If there are any accounts with credit balances it means one of two things. 1) The original amount expected from insurance was incorrect and the carrier legitimately owed more. This money would then need to be re-structured onto the insurance contract and allocated off the patient contract. 2) The carrier paid in excess of what they should have paid and the money needs to be refunded to the insurance carrier and posted as a negative receipt to the account. Ideally credit balances for insurance should be addressed when the overpayment is received but checking for Credit Balances monthly is a good idea.

ViewPoint Reports for Monthly Follow Up: There are two reports that will make insurance follow up a breeze. At least monthly, print an Accounts Receivable Aging by Contract Report that is using the Insurance with Amount Due subgroup. Now run an Insurance Detail Report with that same subgroup. These two reports give you two ways to review your insurance accounts. If you have allocated your insurance contracts correctly (FINALLY--all that hard work makes sense) you can clearly see which insurance carriers are behind in payment and need to be contacted. Any initial payments that are overdue will jump out at you because the full insurance benefit (e.g. $1,475) is past due. In the example here I can see that although the amount is showing up as 91+ days past due, we have received 63% of the fee, and completed 50% of the treatment. This lets me know that I need to check how the contract is allocated prior to calling the insurance carrier.

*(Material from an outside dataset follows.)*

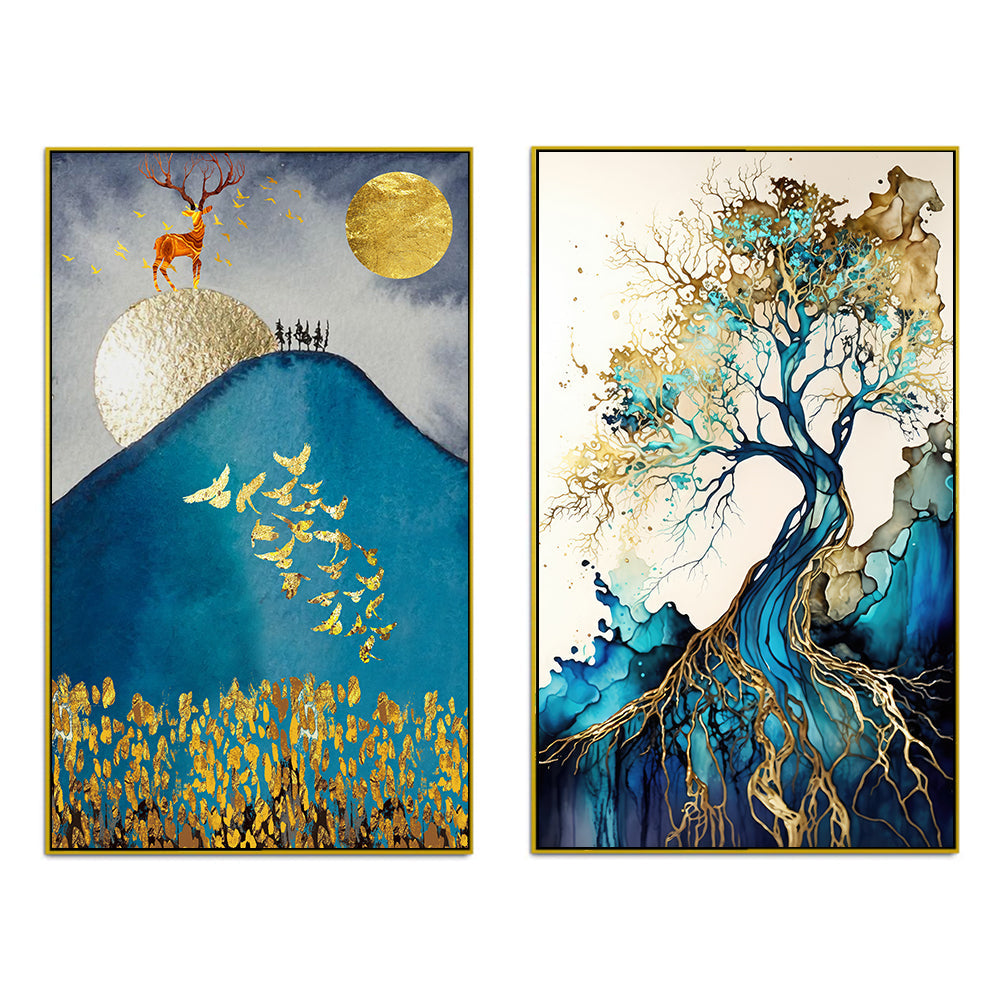 Golden Tree and Deer Modern Canvas Wall Painting Two Pieces

The little effort required to correct your current contracts and form submittals, continue to accurately track insurance on all subsequent New Patients, and make full use of the tools available in ViewPoint can mean so much: quicker responses to initial forms that contain the information required by the insurance carrier, fewer unnecessary forms when forms are not required, less postage, much less phone time spent on hold, focused follow up on the claims that actually are truly past due, steady cash flow on insurance balances, and best of all--happy Insurance Coordinators and Orthodontists!

Page last updated on Tuesday, March 06, 2007 11:07 AM.